Datasets for Logical Gates: Loading and Visualization¶

In [4]:
###### AND OR XOR Data Generator

def Generator(N, Gate= 'OR', noise = 0.05):
  X = []
  y = []
  values = [0, 1]
  for i in range(0, N):
    x1 = random.choice(values)
    x2 = random.choice(values)
    if Gate=='OR': o = x1 | x2
    if Gate=='AND': o = x1 & x2
    if Gate=='XOR': o = x1 != x2
    X.append([x1, x2])
    y.append(o)

  X = np.asarray(X)
  X = X + np.random.normal(0, noise, X.shape)
  y = np.asarray(y, np.int64)
  return X, y
In [7]:
# Creating a dataset with 500 samples and a given noise level
GATE = 'AND' #@param ["OR", "AND", "XOR"]
Noise = 0.05  #@param {type:"slider", min:0, max:1, step:0.05}

# Converting the label to a categorical variable
X, y = Generator(500, GATE, noise = Noise)
y_binary = to_categorical(y)

# Looking into the data and labels
print("**********Data Shape**********")
print("Shape of X:", X.shape)
print("Shape of y:", y.shape)
print("\n")
print("**********Inputs and Labels samples**********")
print("Sample Inputs:", X[0:5, :], sep='\n')
print("Sample Labels:", y_binary[0:5, :], sep='\n')
print("\n")
# Plotting the data
print("**********Plotting the data**********")
df = pd.DataFrame(dict(x1=X[:, 0], x2=X[:, 1], label=y))
colors = {0: 'red', 1: 'blue'}
fig, ax = plt.subplots()
grouped = df.groupby('label')
for key, group in grouped:
  group.plot(ax=ax, kind='scatter', x='x1', y='x2', label=key, color=colors[key])

plt.show()
**********Data Shape**********
Shape of X: (500, 2)
Shape of y: (500,)


**********Inputs and Labels samples**********
Sample Inputs:
[[ 0.97973418  0.066751  ]
 [ 0.03962024  0.93056634]
 [-0.05234573 -0.07189135]
 [-0.05566325  0.96960733]
 [ 0.05949002 -0.00790428]]
Sample Labels:
[[1. 0.]
 [1. 0.]
 [1. 0.]
 [1. 0.]
 [1. 0.]]


**********Plotting the data**********

Training an Artificial Neuron with a Sigmoid Activation and Plotting the Decision Boundary¶

In [9]:
# Building a step function classifier with threshold = 0
class classifier:
  def predict(self, y):
    return y >= 0

# Function to perform linear regression classification
def perform_logistic_regression(x, y):
    # Splitting the data and label into training and test sets with 80%-20% ratio
    x_train, x_test, y_train, y_test = train_test_split(x, y, test_size=0.2, random_state=140)

    # Training a logistic regression model on the training data
    model = LogisticRegression().fit(x_train, y_train)

    # Checking the accuracy of the model on both training and test data
    print('Training Score: ', model.score(x_train, y_train))
    print('Testing Score: ', model.score(x_test, y_test))

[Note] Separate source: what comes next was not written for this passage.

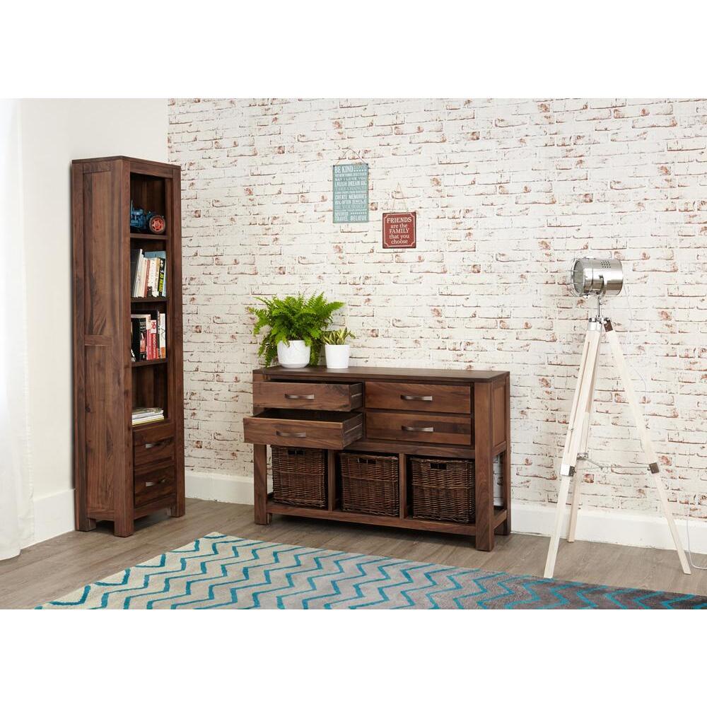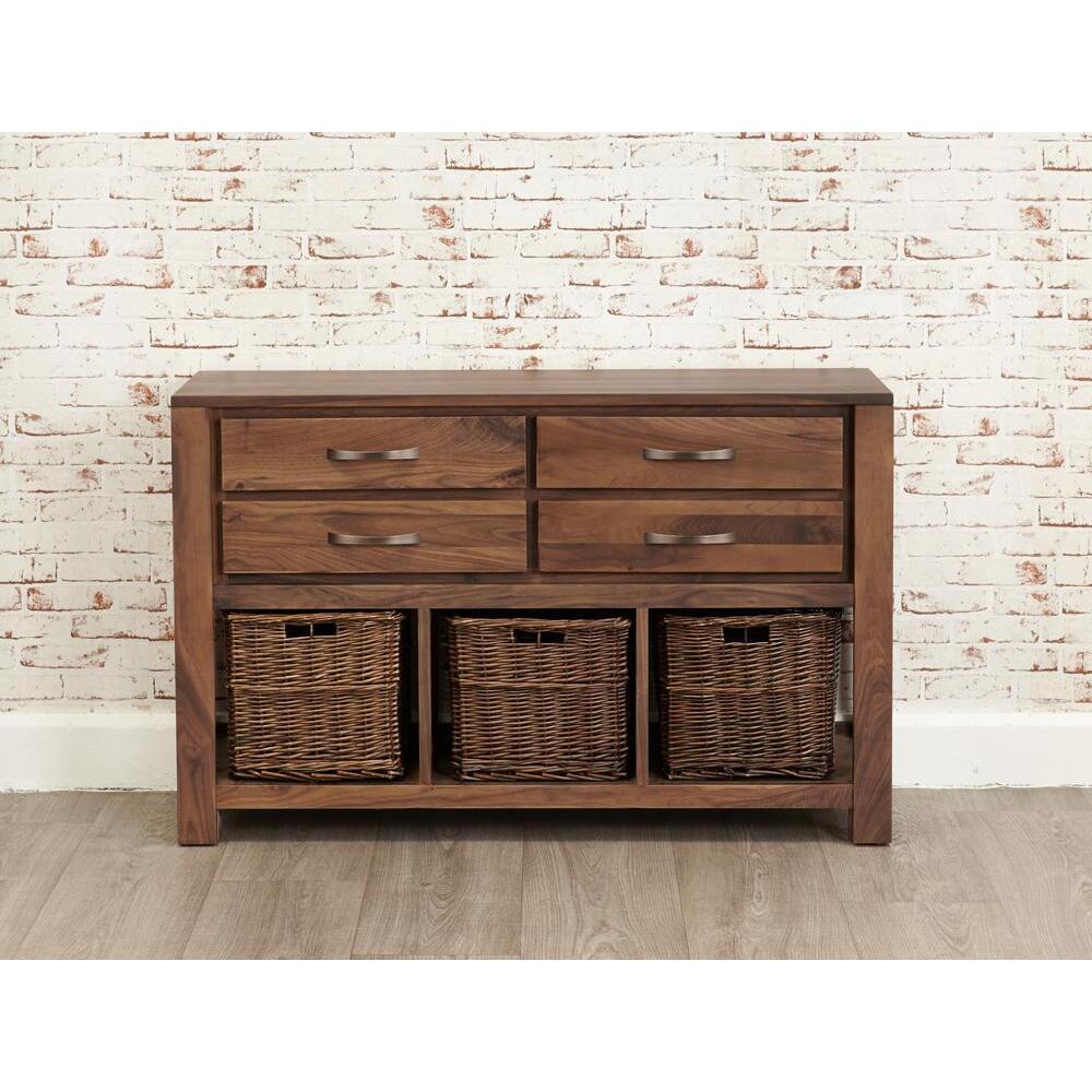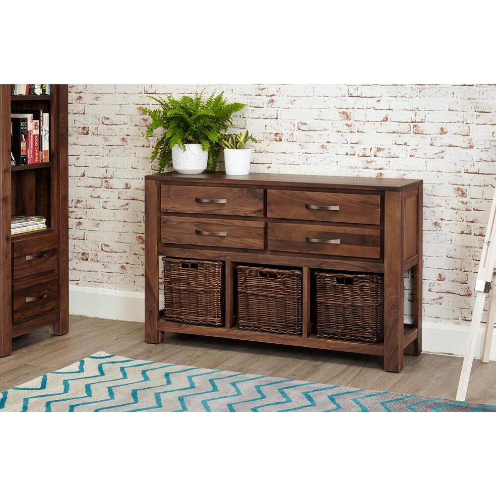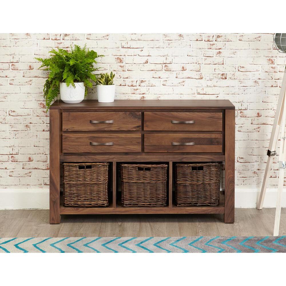 Superb four drawer walnut console table. Constructed using solid walnut. Walnut is a very high quality timber with a dense grain, this makes it the perfect choice for building stunning and unique furniture. This stylish four drawer console table provides great storage space within its three large wicker baskets. The overall dimensions of the console table are H76 x W120 x D35 cm. Internal measurements of each drawer are H9 x W47 X 25 cm. The overall dimensions each basket are H33 x W33 x D27 cm. Crafted from the highest grade selected solid walnut. Exceptional build quality - designed to last a lifetime. Fully dovetailed drawers. Stylish antiqued bronze handles. Resilient satin lacquer finish. This is a solid piece of furniture and no assembly is required. Heavy duty packaging. Part of our Baumhaus Mayan furniture collection.

    # Getting the model's parameters and building the weight vector
    weights = np.concatenate([np.expand_dims(model.intercept_, 1), model.coef_], 1)
    print("Weights: ", weights)
    
    plt.figure(figsize=(10,10))
    # Plotting the decision boundary of the model
    plot_decision_regions(x_train, y_train, clf=model, legend=2)
    # Plotting the test data to check the model's performance
    plt.scatter(x_test[:, 0], x_test[:, 1], c=y_test)
    plt.show()

    

    # Displaying precision-recall curve
    display = PrecisionRecallDisplay.from_estimator(
        model, x_test, y_test, name="Logistic Regression"
    )
    _ = display.ax_.set_title("Precision-Recall curve")


perform_logistic_regression(X, y)
Training Score:  1.0
Testing Score:  1.0
Weights:  [[-7.99192798  4.93901091  5.24713597]]

Remember your responses to the following questions:¶

  1. Observe the decision boundary of the AND function. Is this similar to what we have discussed in the lecture?
  2. Identify the parameters for the OR model. What are $w_0$, $w_1$, and $w_2$ values?
  3. What is the decision boundary for the XOR gate? How would you describe your observation from the XOR gate?